Recorded data

========================================

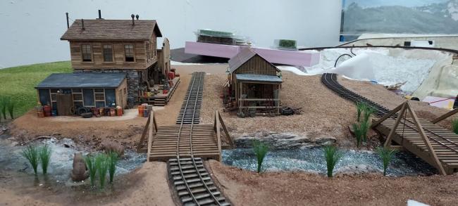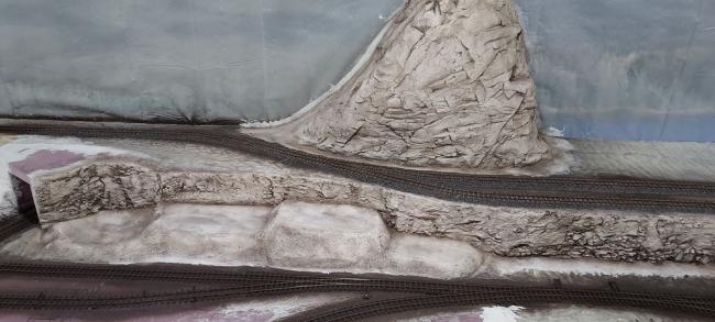 There is some more landscaping in progress (tunnel on the left), but you get the general idea. Hopefully within the next couple weeks, I can complete melding in the upper landscape and paint the rest of the cliff rocks.
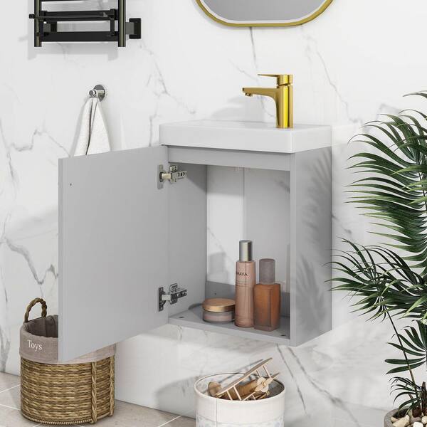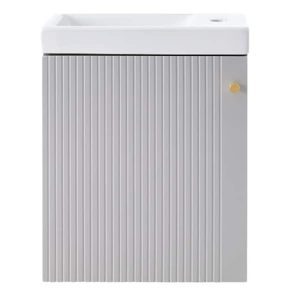 16 in. W x 8.7 in. D x 20.5 in. H Single Sink Wall-Mounted Floating Bath Vanity in Grey with White Ceramic Top
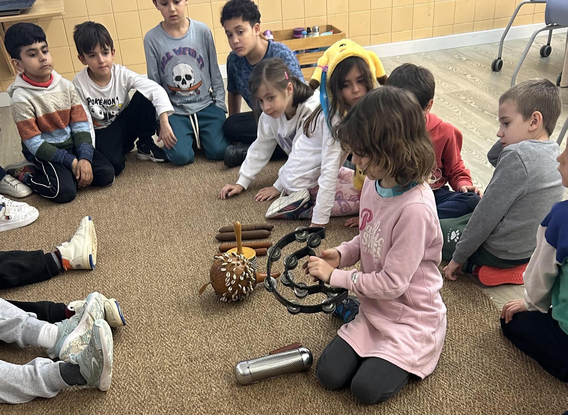 Amb ells vam parlar d’instruments, de les famílies en les quals s’organitzaven, vam crear instruments casolans i vam debatre com en faríem de nous a partir del que ells tenien a casa. Vam cantar junts, vam fer ritmes corporals i vam arribar a la conclusió que l’ingredient essencial per a fer música era la intenció de fer-la.
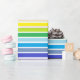 Des bandes de toutes les couleurs d'un arc-en-ciel comprenant rose, rouge, or, orange, écru, jaune, vert citron vert, vert, bleu pastel, turquoise, gris bleu, indigo, lavande et violet soulignés en blanc.
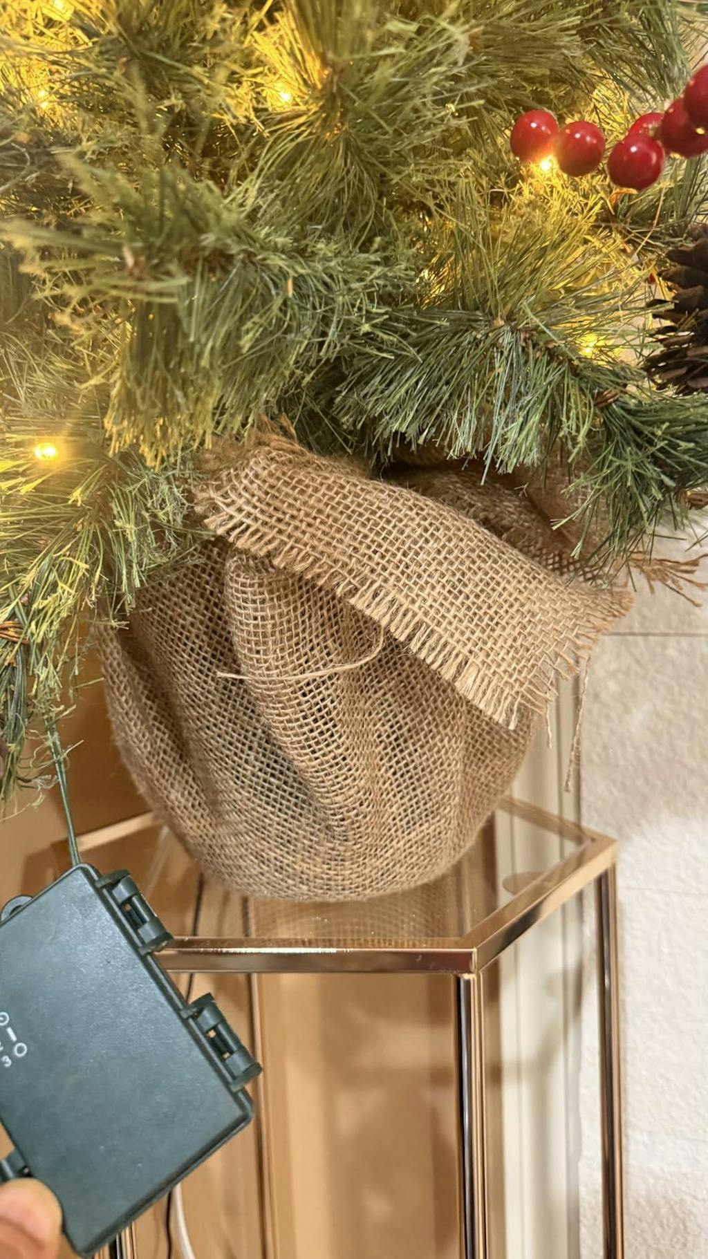 - Decorative burlap base included
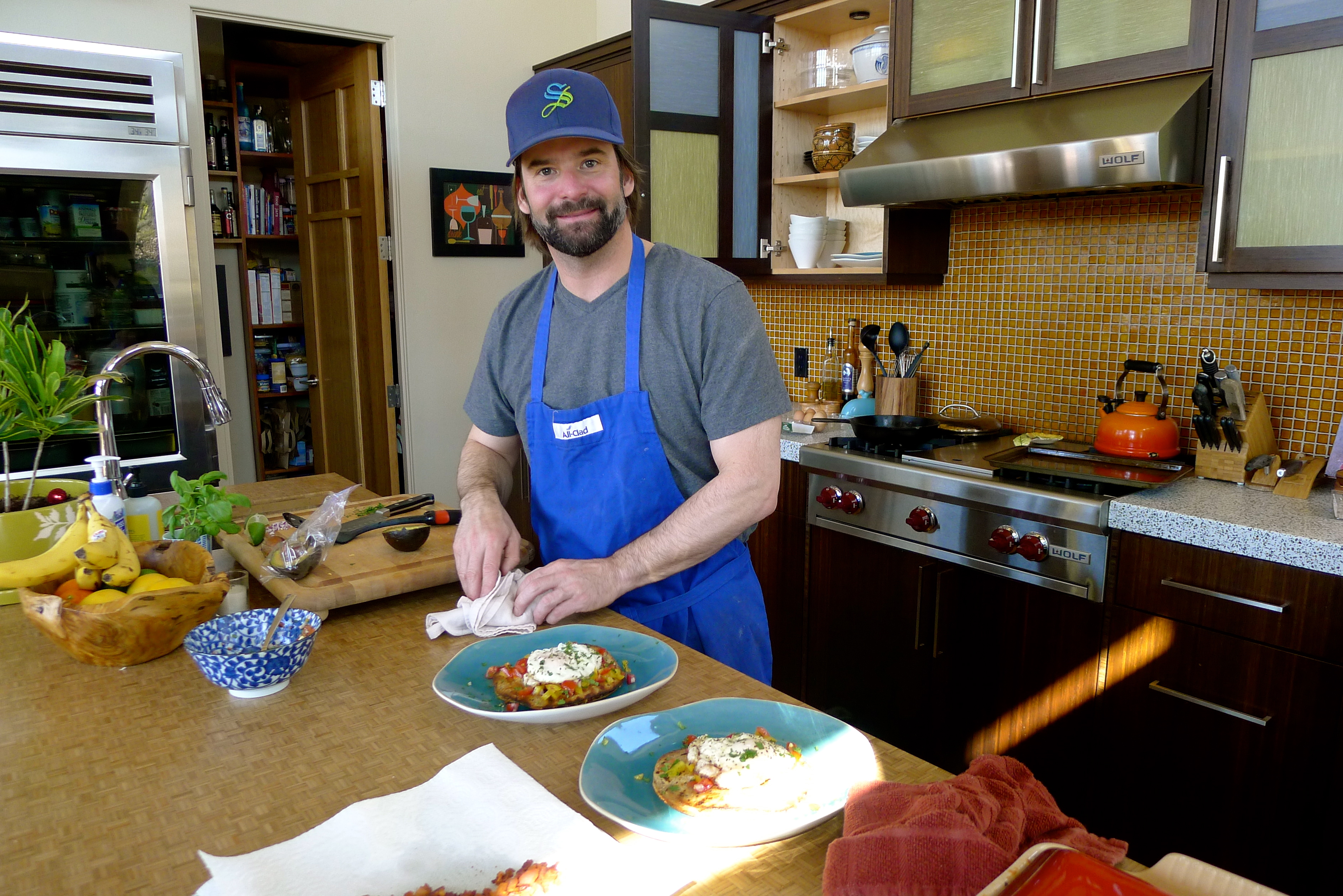 As much fun as it is to play away the weekend, it’s also often the only available time to tackle the ever-present to-do list– and this weekend, our list was long. So we set aside Sunday as a “work” day, helping each other through dishes, laundry, a mountain of glass and cardboard recycling, hanging neglected artwork, paying bills, etc. But not before John made breakfast.

========================================

### Action item
Beginning at the line with "Amb ells vam", reproduce word for word each line through the last line of the records. Include both ends but no pictures.

### Worked solution
 Amb ells vam parlar d’instruments, de les famílies en les quals s’organitzaven, vam crear instruments casolans i vam debatre com en faríem de nous a partir del que ells tenien a casa. Vam cantar junts, vam fer ritmes corporals i vam arribar a la conclusió que l’ingredient essencial per a fer música era la intenció de fer-la.
 Des bandes de toutes les couleurs d'un arc-en-ciel comprenant rose, rouge, or, orange, écru, jaune, vert citron vert, vert, bleu pastel, turquoise, gris bleu, indigo, lavande et violet soulignés en blanc.
 - Decorative burlap base included
 As much fun as it is to play away the weekend, it’s also often the only available time to tackle the ever-present to-do list– and this weekend, our list was long. So we set aside Sunday as a “work” day, helping each other through dishes, laundry, a mountain of glass and cardboard recycling, hanging neglected artwork, paying bills, etc. But not before John made breakfast.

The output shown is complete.